What this task involves – Reproduce, unchanged, the lines between the one holding "บทสวดมนต์นมัสการพึงระลึกถึงพระพุทธเจ้า พระธรรม และพระสงฆ์" and the last line of the records, including both ends, but no pictures.

---- Supplied material

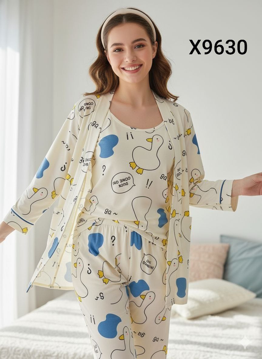 الموديل .. بجامه 3ثطع بالروب قصير 💗 المقاس... فري سايز التلبيس .....من50ك ل 80ك 😎 الخامه .. قطن مكستر ناعم مبطن وبره 💯💯 💛 السعر:180جمله وقطاعي واللي يلحق يلحق Code x9630
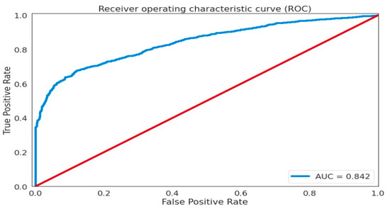 The entire tradeoff between the true (genuine) positive rate and the false positive rate is generated using Receiver Operating Characteristic (ROC) curves. The area under the ROC curve can be used to summarize the ROC curve. This is referred to as the AUC. The AUC ROC curve is a graph that shows the classification performance of a model in terms of two variables: true positive (tp) and false positive rate (fpr). The area under the receiver operating characteristic (AUROC) and Mean Precision–Recall (MPR) are used as metrics throughout the assessment to evaluate and examine the effectiveness of outlier identification systems. An effective model must have a high AUROC, but AUPRC frequently exposes the gap between techniques when dealing with imbalanced datasets. The suggested FC-VAE framework’s efficiency was assessed using AUC. The AUC may be determined by incorporating the areas of small geometrical components under the ROC curve. Figure 5 displays the AUC assessments of the suggested architecture. Existing classification models are outperformed by the proposed model (AUC = 0.842).
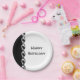Schwarz-Weiß-Happy-Geburtstagskette Pappteller
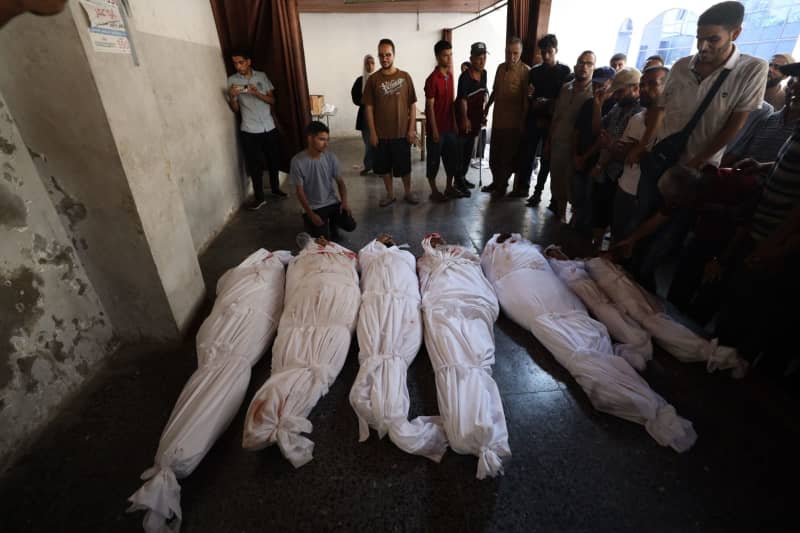 رجل يحمل مجموعة من الفلسطينيين ، الذين قتلوا في هجوم إسرائيلي على عائلة شريعة في منزل أبو تقع في حي سابرا في مدينة غزة الجنوبية. عمر Ashtawy/APA عبر Zuma Press Wire/DPA
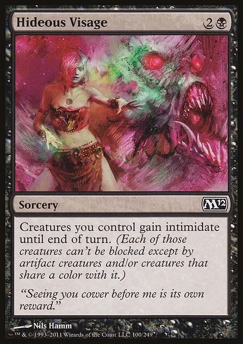 Creatures you control gain intimidate until end of turn. (Each of those creatures can't be blocked except by artifact creatures and/or creatures that share a color with it.)
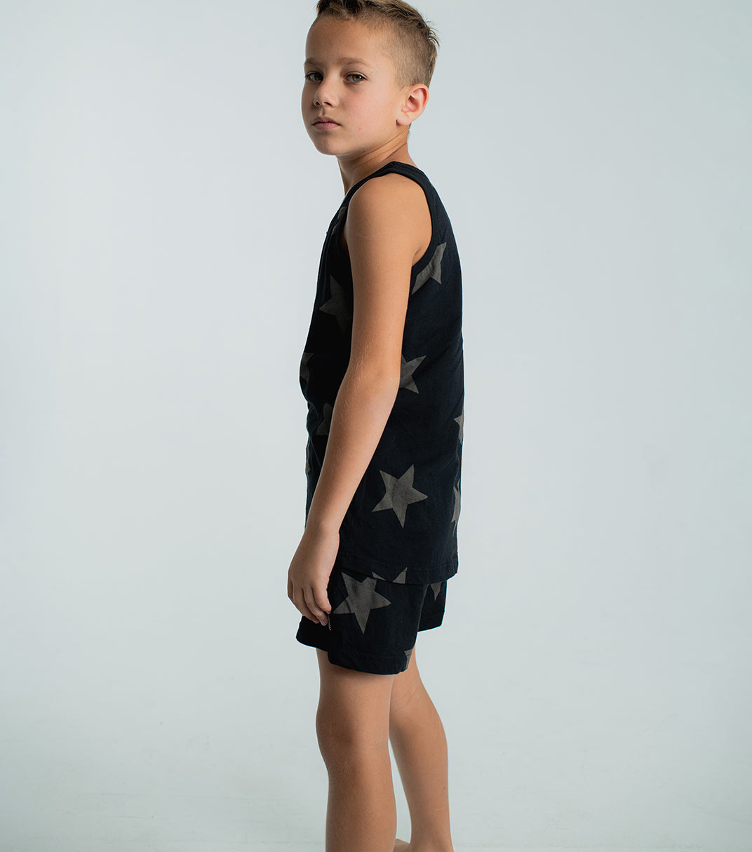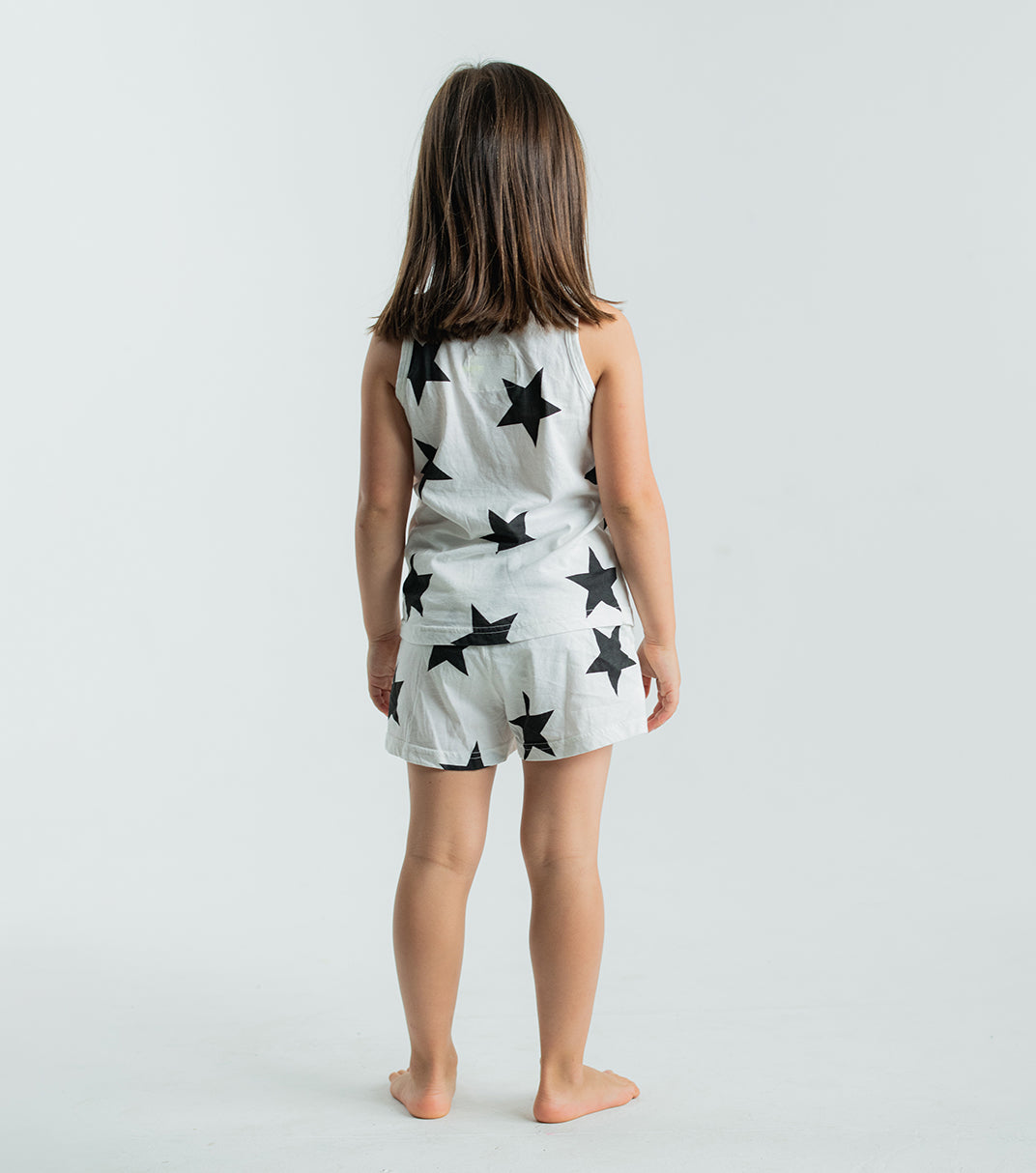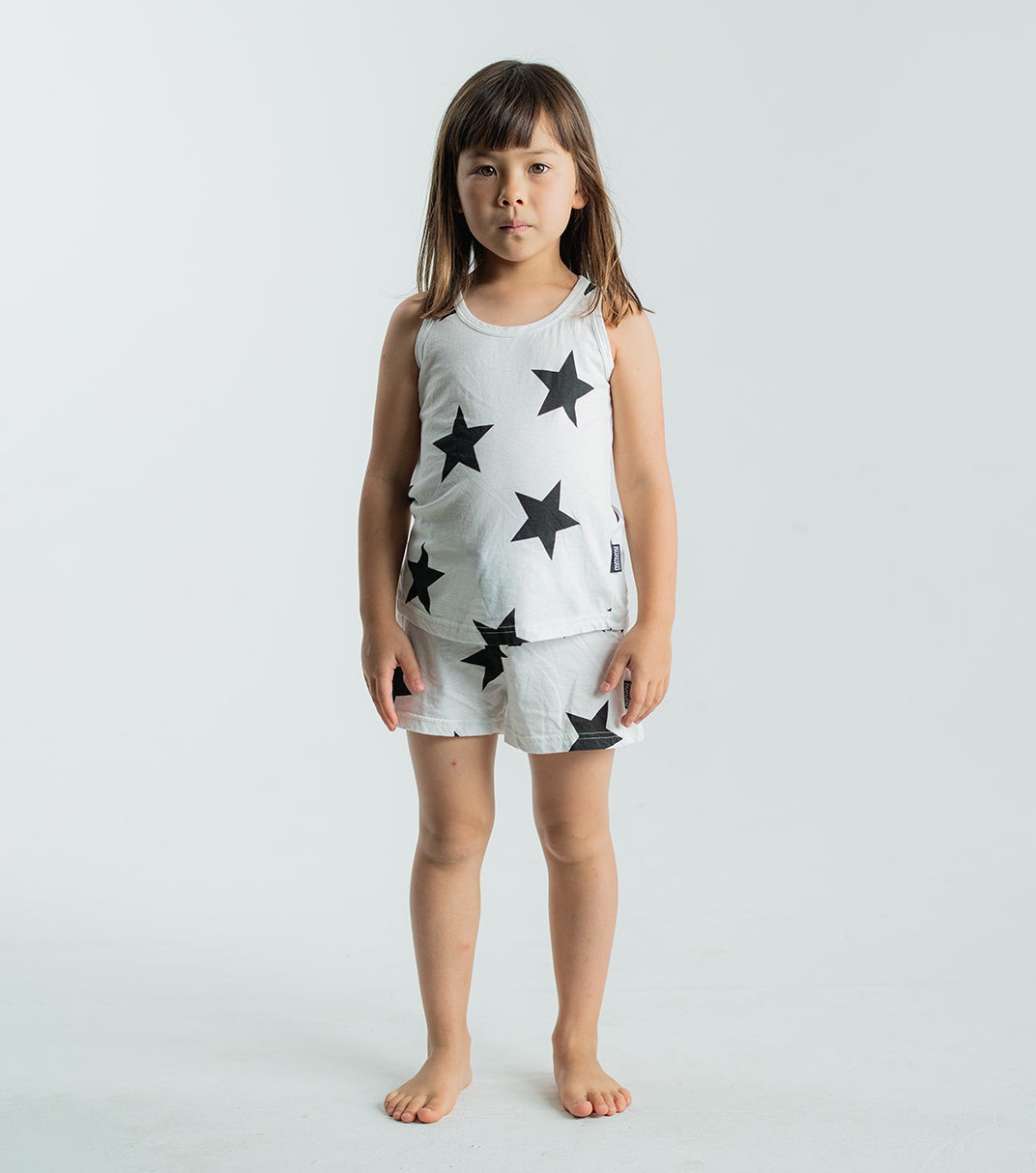 for sleeping, lounging or just hanging out, this super soft white cotton jersey tank lounge set is a great look for the homefront or to wear on long plane rides. a simple tank top coordinates with elastic-waist shorts for a complete look that deserves to be seen by the world especially with our signature star print splashed all over.
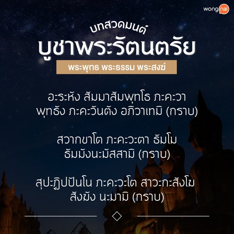 บทสวดมนต์นมัสการพึงระลึกถึงพระพุทธเจ้า พระธรรม และพระสงฆ์
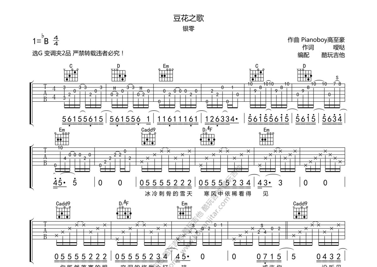 银零《豆花之歌》吉他谱 - G调弹唱六线谱
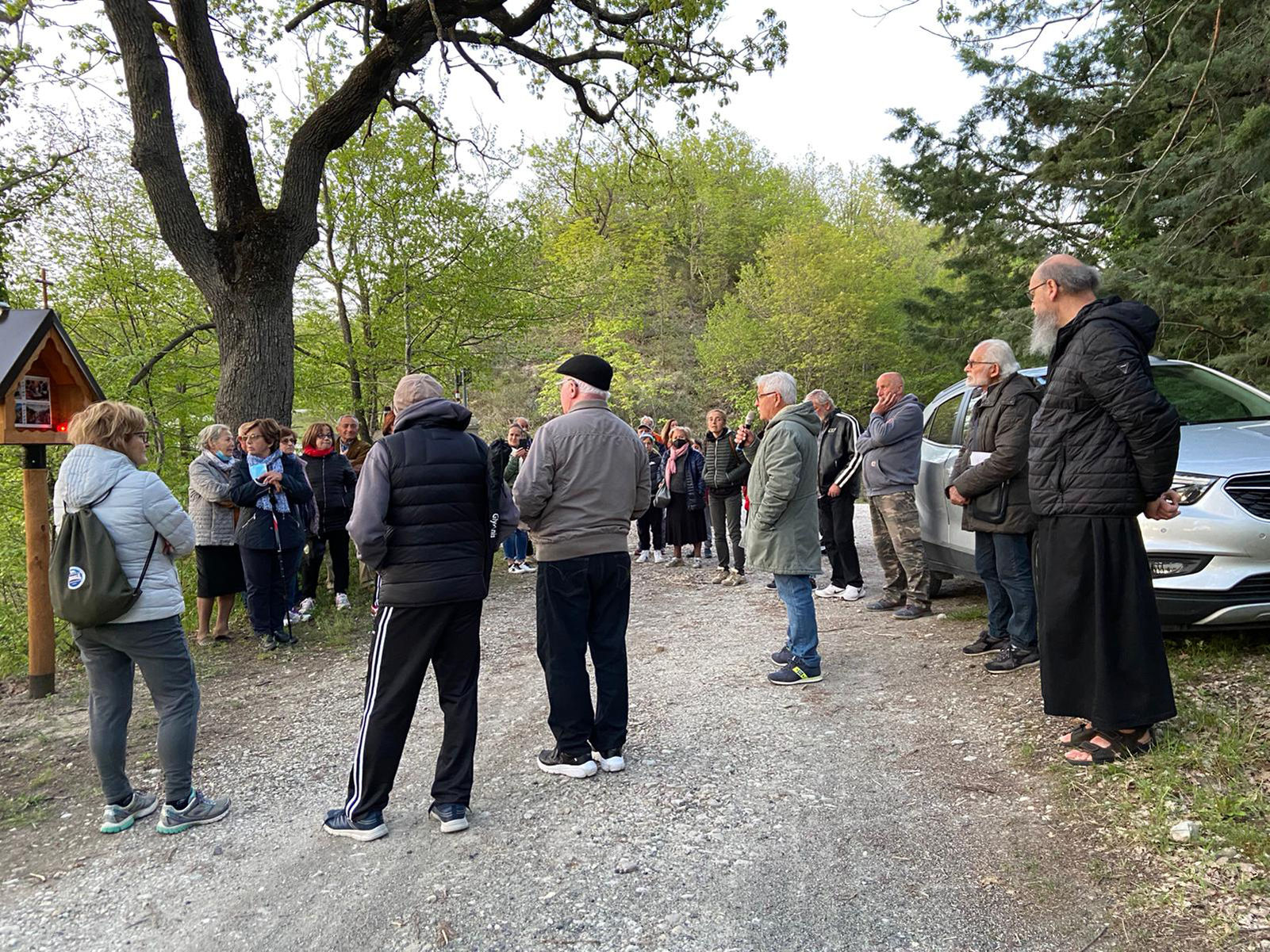 Cinque edicole votive per la badia di Montalto. Chi a piedi, chi in auto e chi con la navetta messa a disposizione delle Misericordie, sono stati una cinquantina i partecipanti all’inaugurazione delle cinque edicole lungo il percorso che collega il palazzo di Montalto alla Badia di San Salvatore in Summano, nel territorio di Sarsina. Le edicole in legno scandiscono le decine di Ave Maria che compongono la preghiera del Rosario. L’appuntamento di preghiera di ieri sera è stato particolarmente dedicato per la pace nel mondo. La preghiera è stata guidata da don Edero Onofri e don Vincenzo Fantini.
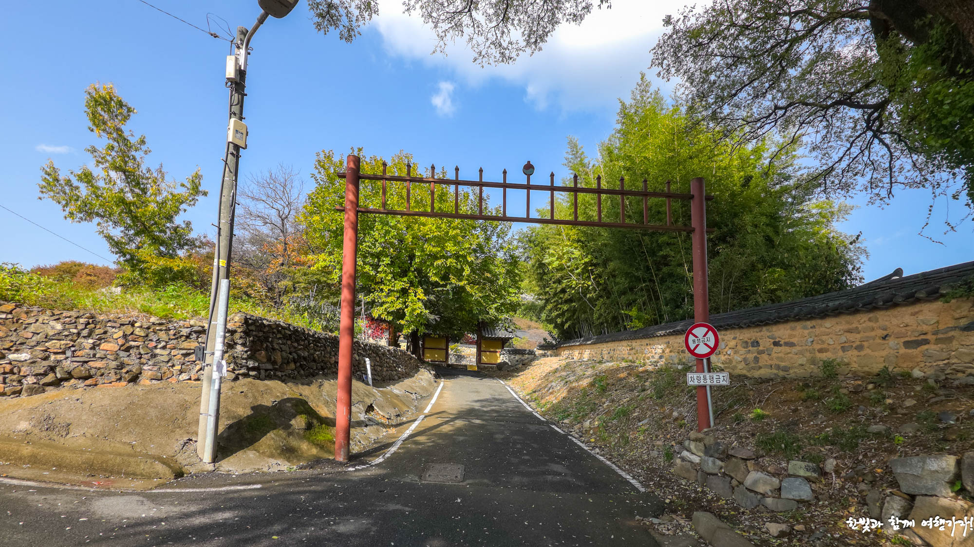 햇빛 품은 선비길, 밀양향교라 쓴 걸개막이 참 좋네요.

--------

Answer area –
 บทสวดมนต์นมัสการพึงระลึกถึงพระพุทธเจ้า พระธรรม และพระสงฆ์
 银零《豆花之歌》吉他谱 - G调弹唱六线谱
 Cinque edicole votive per la badia di Montalto. Chi a piedi, chi in auto e chi con la navetta messa a disposizione delle Misericordie, sono stati una cinquantina i partecipanti all’inaugurazione delle cinque edicole lungo il percorso che collega il palazzo di Montalto alla Badia di San Salvatore in Summano, nel territorio di Sarsina. Le edicole in legno scandiscono le decine di Ave Maria che compongono la preghiera del Rosario. L’appuntamento di preghiera di ieri sera è stato particolarmente dedicato per la pace nel mondo. La preghiera è stata guidata da don Edero Onofri e don Vincenzo Fantini.
 햇빛 품은 선비길, 밀양향교라 쓴 걸개막이 참 좋네요.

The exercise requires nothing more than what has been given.